== DATA SECTION

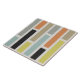 Um padrão de abstrato de arte moderno de meio século com retângulos verticais longos em múltiplas cores de verde-turquesa claro, ouro, bege ou bronzeado, amarelo, laranja e preto.
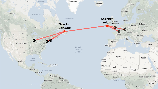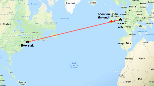 Gander (Canada) và Shannon (Ireland) là hai điểm trung chuyển hàng không quan trọng khi máy bay trước đây có tầm bay ngắn.Ngày nay, với khả năng bay thẳng giữa hai châu lục, Shannon là điểm dừng tiếp nhiên liệu cho chuyến bay BA1 của British Airways từ sân bay London City đi New York. Máy bay sử dụng cho chuyến bay này là Airbus A318 với 32 ghế hạng thương gia có thể ngả phẳng 180 độ, được bố trí theo cấu hình 2-2. Đây cũng là chuyến bay Airbus A318 dài nhất trên thế giới. Hành khách trên chuyến bay này sẽ làm thủ tục hải quan tại Shannon, sau đó xuống máy bay ở nhà ga nội địa tại sân bay JFK của New York.
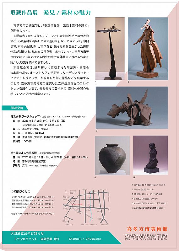 > ニュース一覧 > 喜多方市美術館「収蔵作品展 発見!素材の魅力」開催中 立体造形作品のコレクションを紹介(ふくしまニュースWeb )- 2026.04.16(木) 12:30
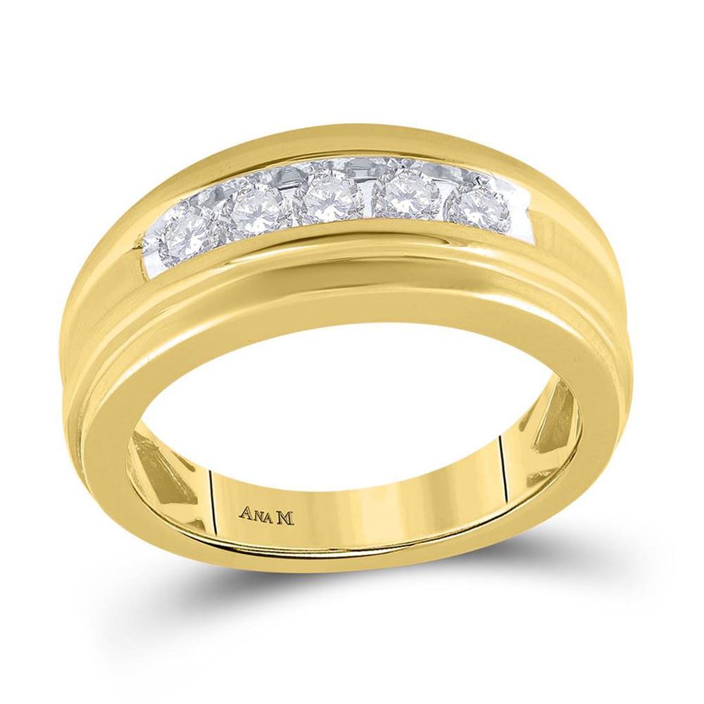 REF-81M3A ---- 1/2 CTW Mens Round Diamond Wedding Channel Set Ring 14kt Yellow Gold
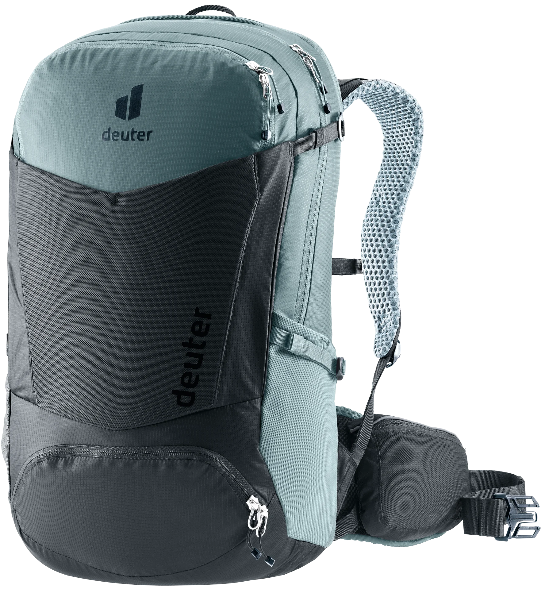 • Регулируемый в двух направлениях нагрудный ремень

====

## TASK REQUIREMENTS
The response must match the listing exactly, except that pictures are removed.

## RESULT FOR THIS EXERCISE
 Um padrão de abstrato de arte moderno de meio século com retângulos verticais longos em múltiplas cores de verde-turquesa claro, ouro, bege ou bronzeado, amarelo, laranja e preto.
 Gander (Canada) và Shannon (Ireland) là hai điểm trung chuyển hàng không quan trọng khi máy bay trước đây có tầm bay ngắn.Ngày nay, với khả năng bay thẳng giữa hai châu lục, Shannon là điểm dừng tiếp nhiên liệu cho chuyến bay BA1 của British Airways từ sân bay London City đi New York. Máy bay sử dụng cho chuyến bay này là Airbus A318 với 32 ghế hạng thương gia có thể ngả phẳng 180 độ, được bố trí theo cấu hình 2-2. Đây cũng là chuyến bay Airbus A318 dài nhất trên thế giới. Hành khách trên chuyến bay này sẽ làm thủ tục hải quan tại Shannon, sau đó xuống máy bay ở nhà ga nội địa tại sân bay JFK của New York.
 > ニュース一覧 > 喜多方市美術館「収蔵作品展 発見!素材の魅力」開催中 立体造形作品のコレクションを紹介(ふくしまニュースWeb )- 2026.04.16(木) 12:30
 REF-81M3A ---- 1/2 CTW Mens Round Diamond Wedding Channel Set Ring 14kt Yellow Gold
 • Регулируемый в двух направлениях нагрудный ремень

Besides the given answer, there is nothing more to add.